The Last Boleyn(88)
Mary rose and took the note from the boy. “Thank you, Simon. You may tell my mother I will attend her immediately.”
The boy grinned. “Yes, m’lady, but I am not ’sposed to go back there. The gent’man already give me a copper for it.” With that, he was gone.
“Imagine paying linkboys to deliver messages these days,” Mary said as she unfolded the little piece of paper. “They used to do that gratis as well as light the halls after dark.”
The note said simply, “Your mother and Anne have come to court. Since they are busy and you are not, I suggest you visit your horse in the east stable block nearest the herb gardens now. Ignore the rain. Eden misses you.”
Staff, of course. Had he gone stark mad sending her a written missive like this? But, of course, it was not signed. Now, the note said. Did he mean right now?
Her heart began to hammer as she bent toward her little mirror. She saw her cheeks were already flushing pink in anticipation. “Nancy, get out my green riding dress and a shawl and hurry.”
The girl darted up and pulled the outfit from the huge coffer at the foot of the bed. “Going riding in this fog and rain, Lady Mary,” she protested gently as she shook out the skirts. “Saints, lady, this is a wrinkled mess. Your mother and the Lady Anne want you to go riding in this weather?”
“Please, Nance, hurry. I will help you with the May Day dress when I come back, all night if we must. And if my mother or sister send for me, only tell the messenger I am out and will attend them presently.”
Nancy helped her mistress change clothes quickly. “But that note,” she sputtered and then her face broke into a huge grin. “Oh, that mother,” she laughed and winked and they hugged before Mary hurried out the door into the long, oak-paneled hall. It was only as she went down the twisting, enclosed back stairs toward the east stables that she realized she still held the little note clasped tightly in her sweaty palm.
The rain had let up somewhat. “Ignore the rain,” he had written. Yes, she could do that now and gladly. But surely there would be others about the stables, grooms or squires. It did not matter: if they had to just pet Eden and whisper love words over the mare’s back, that would have to be enough for today.
She covered her bare head with the dark woven shawl and skirted the herb gardens which would soon burst and bulge with green rows of well-tended asparagus, parsnips, peas, onions and beets. The red brick stable blocks loomed ahead a brighter red in the rain. The Tudor arms inset in stone were over the center door, but she took the gravel path around the side and darted under the overhang to flap clinging raindrops from her shawl.
She entered the warmth of the huge stables and thought instantly of the stables at home. Ian, the blacksmith, tended Hever’s small stables proudly despite their meagerness, for when father was away and George gone too, there was no need to support the large number of horses they had once kept there.
The king loved his horses and his hunt hounds, and both were well cared for under this vast roof. It smelled damp here, but fresh—straw and malt all mingled with leather and punctuated with the wheeze and stamp of snorting, shifting horses in their stalls. She glanced down the long rows and saw no one. She had visited her mare Eden here before and her stall was much farther down.
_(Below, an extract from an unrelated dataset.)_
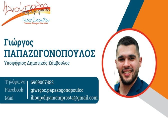 ΗΛΙΟΥΠΟΛΗ ΧΩΡΙΣ ΟΡΙΑ: Ο μοναδικός υποψήφιος δημοτικός σύμβουλος που είχαμε παίξει από την συγκεκριμένη παράταξη στις δημοτικές εκλογές του 2019. (δες εδώ). Μία από τις τέσσερις επιλογές μας για τις προσεχείς δημοτικές εκλογές που θα σας ανακοινώσουμε σε 10 μέρες από σήμερα. Όποιοι μας διαβάζετε καθημερινά έχετε ήδη καταλάβει ποιοι είναι οι άλλοι τρεις.

“Excuse me, lovely lady, but are you wanting to ride any mount in particular? Might I be of some help? Do you think you could handle a large, eager stallion today?”
She whirled to face Staff where he stood at his ease between two tall destriers which knights rode at the tilt rail. She would have rushed to him to throw her arms around him, but he held up one hand, and she smiled in obvious wicked anticipation.
“Staff,” she whispered. “It looks empty here, of people, I mean.”
He grinned rakishly at her and raised one eyebrow. “I know, sweet lady. Most of His Grace’s men are in the Great Presence Chamber and the women are all aflutter over your sister’s arrival.”
“But you—how did you manage to get away?”
“I lied,” he said low and came toward her in the aisle between the stalls where she stood. “I told them I have heartburn from that wretched orgy of rich food His Grace dined those Frenchies on last night. Actually, it was not that much of a lie, lass, only to tell true, the cause of my burning heart is hardly His Grace’s highly seasoned food.”
She giggled in sheer delight at his tease, despite the way he glanced quickly up and down the aisle and firmly took her elbow.
“Have you missed me?” he said out of the side of his mouth as they strolled between the two long rows of horse croups and tails.
“Of course. It has been a whole week, my Staff.”
“I know, sweet, and I hate to send for you like this at the oddest times and weirdest places.”
“But we decided we must do that now to be together.”
“Yes. Yes, shh. It is only that I wish so desperately that I could give you your own house and stables—and bedroom. What were you doing when the boy came with the note from ‘mother’?”
“You rogue! Actually, if you want to know, I was cutting my old wedding dress to shreds.”
“So it has come to that, has it? Making a new gown from it, I suppose you mean. Mary, I have told you before and I shall tell you now again. You are without exception the most ravishingly beautiful woman at this court whatever you wear—or do not wear.”